At this age, we are both very aware that tomorrow is never promised. So instead of postponing joy, we are living it now. We bought a travel trailer, and these days we are happily camping our way through life together. We’re fishing, hiking, making memories, laughing often, sharing coffee, prayers, sunsets, wrong turns, campfire dinners, and just about every waking hour side by side.

And honestly… there is something especially sweet about finding love in your golden years.

By this age, you know what matters and what doesn’t. You appreciate the quiet moments more. You laugh more easily. You waste less time pretending to be someone you’re not. Wrinkles, reading glasses, aches, pains, and all, you simply become grateful for companionship, kindness, faith, and someone who still reaches for your hand at the end of the day.
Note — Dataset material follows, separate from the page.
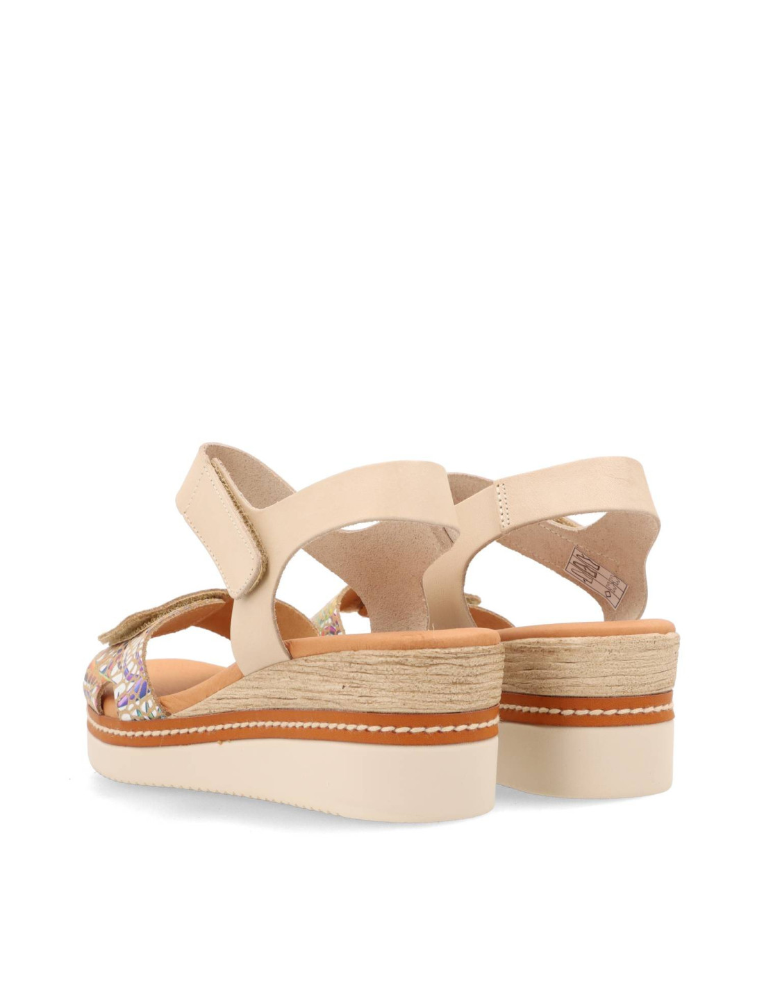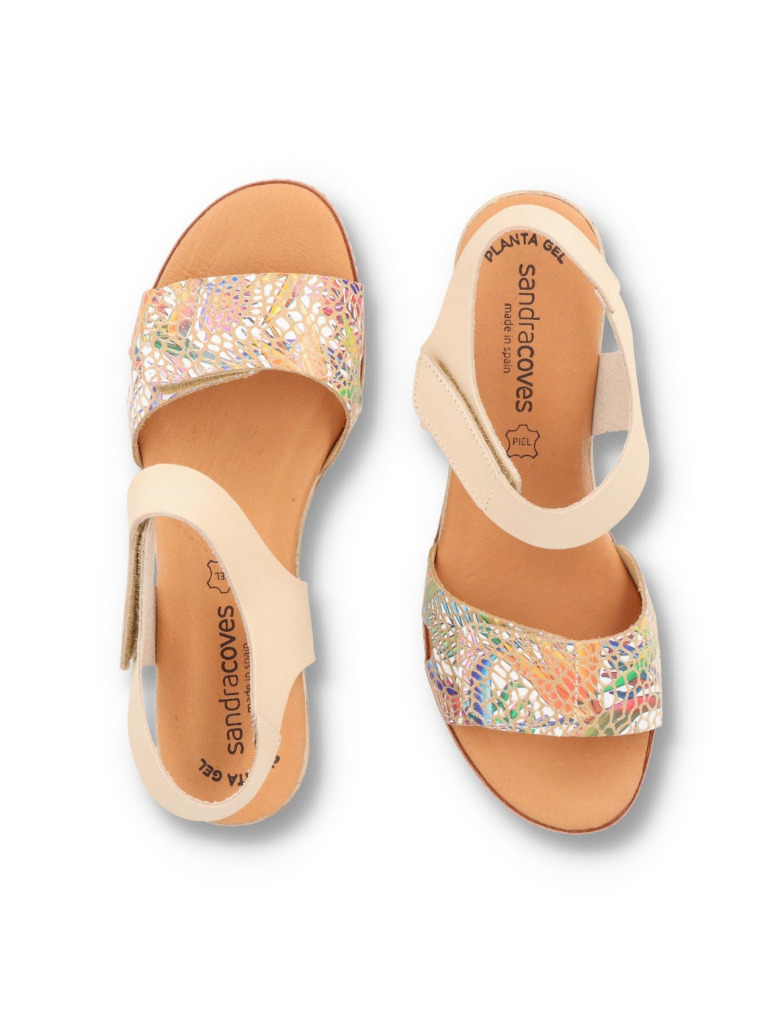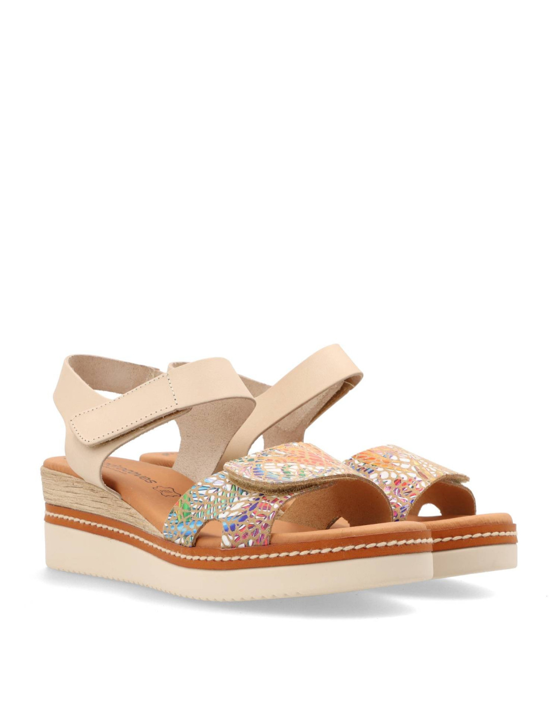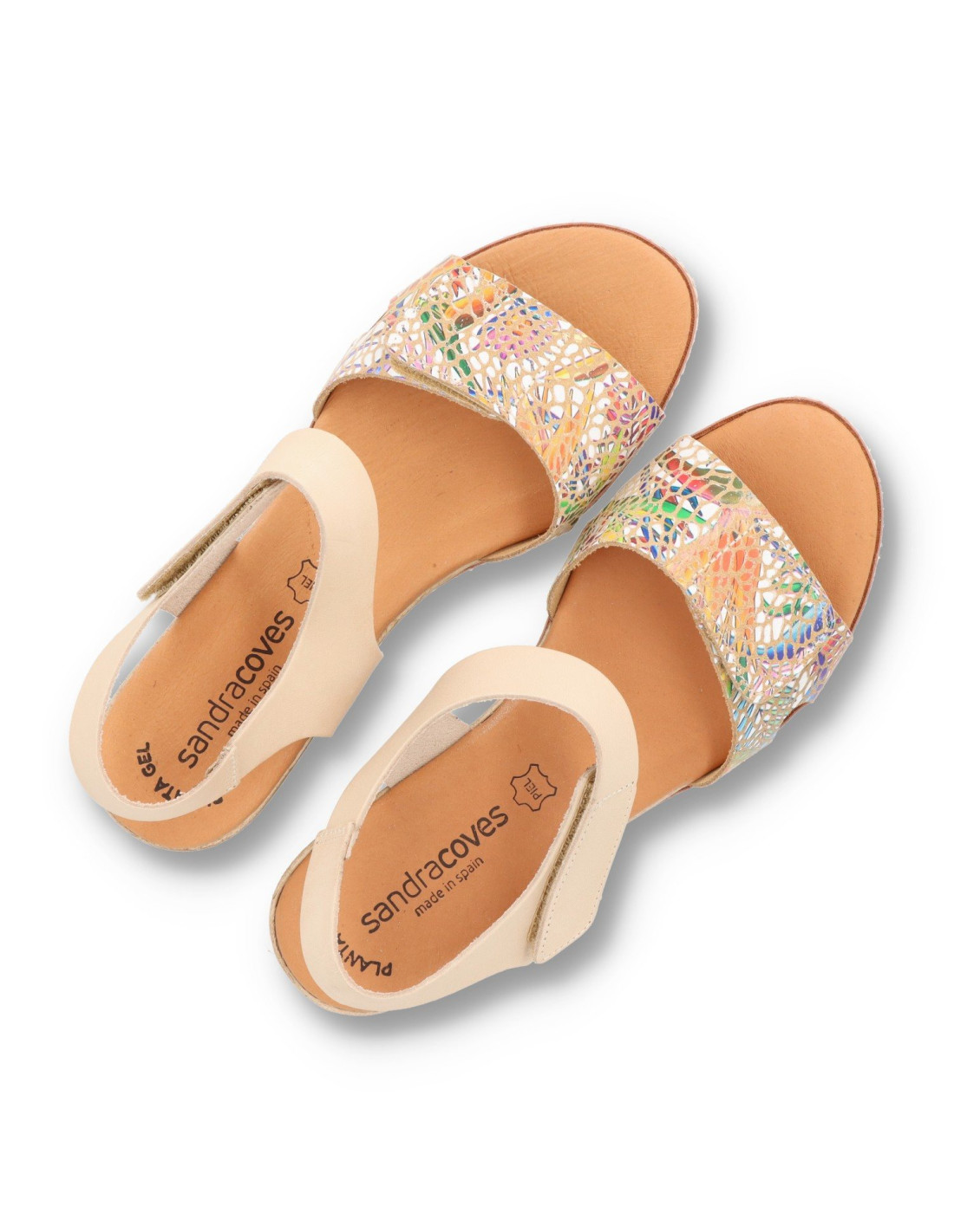 Sandalias de cuña para mujer 565I de RAYO TRENDS. De piel 100%vacuno acabado natural y multicolor, con planta de gel forrada de piel para una piasad más comoda. Talón y pala con velcro ajustable, suela ligera de poliuretano con cuña de unos 8cm de altura.HECHO EN ESPAÑA
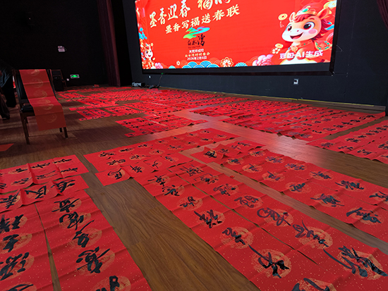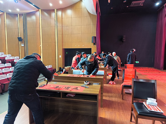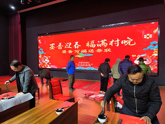 翰墨飄香迎新春,義寫春聯送祝福。2月6日,安吉社區教育學院天荒坪分院(天荒坪成校)聯合天荒坪鎮白水灣村委共同舉辦“墨香寫福送春聯”活動,特邀退休校長李熙庭、兄弟成校校長及老師葉南等6名書畫愛好者現場揮毫,為村民送上滿載年味的文化“年貨”。

The Greatest Gift Is Time Together

Love is often built in the smallest everyday moments.

One of the greatest gifts in marriage is not found in grand vacations, expensive presents, or perfectly planned moments. It is found in the quiet, ordinary choice to spend time together.

I have come to appreciate that by intentionally making space for one another, we are really saying, “You matter to me. Your presence is a gift in my life.”

As I look back, I see how quickly life moves and how much faster the years pass than we ever imagined. What a blessing it is to share this new chapter with someone who feels like both home and answered prayer.

And perhaps that is one of God’s most tender gifts of all; not simply having someone to love, but having someone to share your life with, day by ordinary day, until those ordinary days become extraordinary memories.

So, for anyone out there wondering if love has passed them by, let me gently encourage you not to give up hope too quickly. Life has a funny way of surprising us when we least expect it.

God still writes beautiful love stories… even in the later chapters.

Author’s Note

If this season of life has taught me anything, it is that joy is never truly beyond reach. God has a beautiful way of restoring hope in places we once thought were finished. Sometimes the greatest blessings arrive quietly, wrapped in ordinary days, shared laughter, and the simple gift of companionship.

No matter what chapter you find yourself in today, may you never stop believing that love, purpose, peace, and new beginnings are still possible.